In the HPO annotation resource, each disease is represented by a list of HPO terms that characterize it together with metadata including provenance, and in some cases, frequency and onset information. Some diseases additionally have explicitly excluded terms (there are a total of 921 such annotations in the September 2019 release of the HPOA data). These annotations are used for phenotypic abnormalities that are important for the differential diagnosis. For instance, Marfan syndrome and Loeys-Dietz syndrome share many phenotypic abnormalities. The feature Ectopia lentis (HP:0001083) is characteristic of Marfan syndrome but is not found in Loeys-Dietz syndrome. The likelihood ratio for such query terms is assigned an arbitrary value of \(\frac{1}{1000}\), i.e., the ratio for a candidate diagnosis is reduced by a factor of one thousand if an HPO term is present in the proband that is explicitly excluded from the disease.
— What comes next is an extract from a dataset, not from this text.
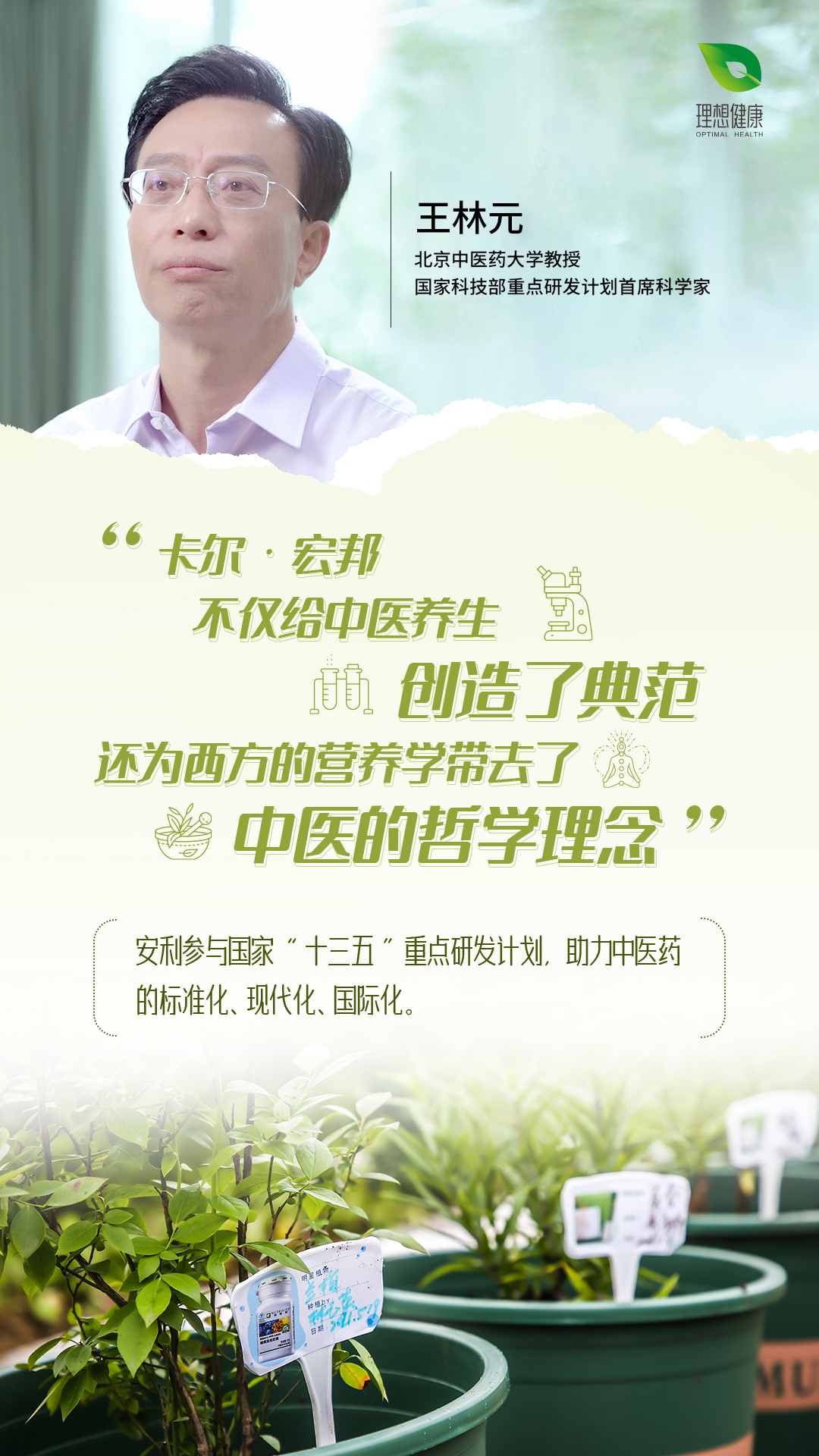 北京中医药大学教授王林元认为,卡尔•宏邦为中医带来了西医的科学和精准,又为西医带去了中医的哲学理念,从而把纽崔莱打造成了中西养生结合的最佳范本,而且秉承着卡尔•宏邦理念的纽崔莱还在中医药国际化、现代化、规范化上做出了突出的贡献。

Excluded in query and present in disease (XP)
Example
XP:Ectopia lentis[HP:0001083][0.001]

If a term is excluded in the query, but not annotated one way of another in the disease, then the likelihood ratio is calculated without additional heuristics. These query terms generally result in a likelihood ratio near 1 and do not affect the differential diagnostic ranking much.
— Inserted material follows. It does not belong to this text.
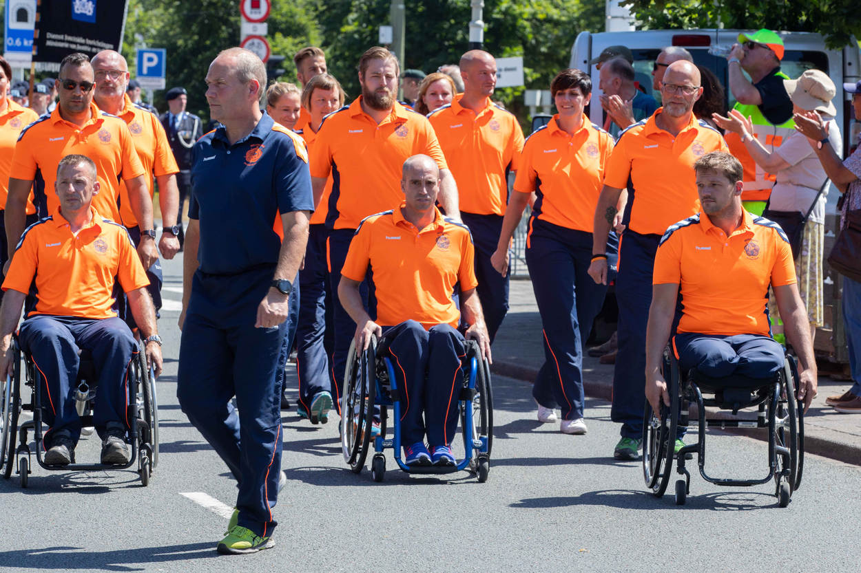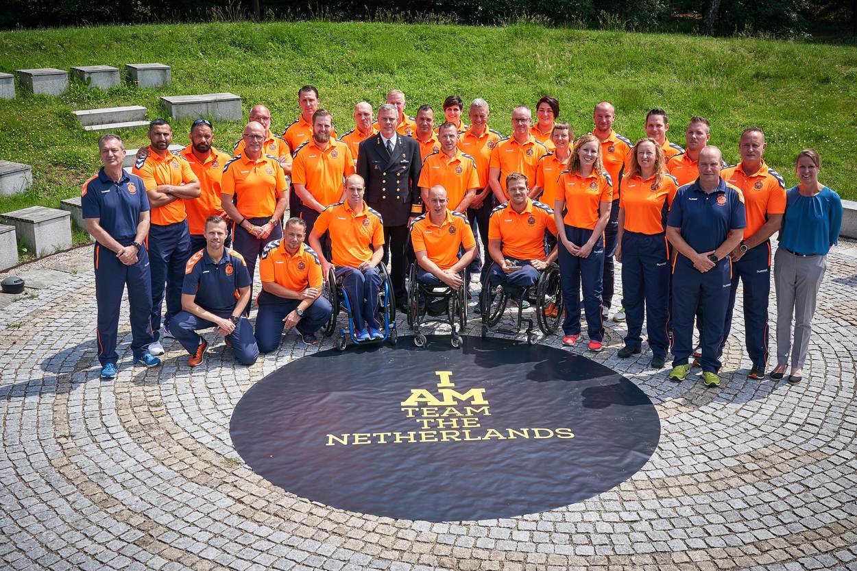 Aline Zoet (3e in de rechter rij) met de Invictusploeg tijdens Veteranendag 2018. Middenvoor en rechtsvoor ploeggenoten Jelle van der Steen en Marc van de Kuilen.

Excluded in query and not annotated in disease (XA)
Example
XA:Abnormality of alkaline phosphatase activity[HP:0004379][1.008]

On the other hand, if the query includes a negated term that is explicitly excluded in the disease, then the opposite value is assigned, i.e., the ratio for a candidate diagnosis is increased by a factor of one thousand if an HPO term is present in the proband that is explicitly excluded from the disease.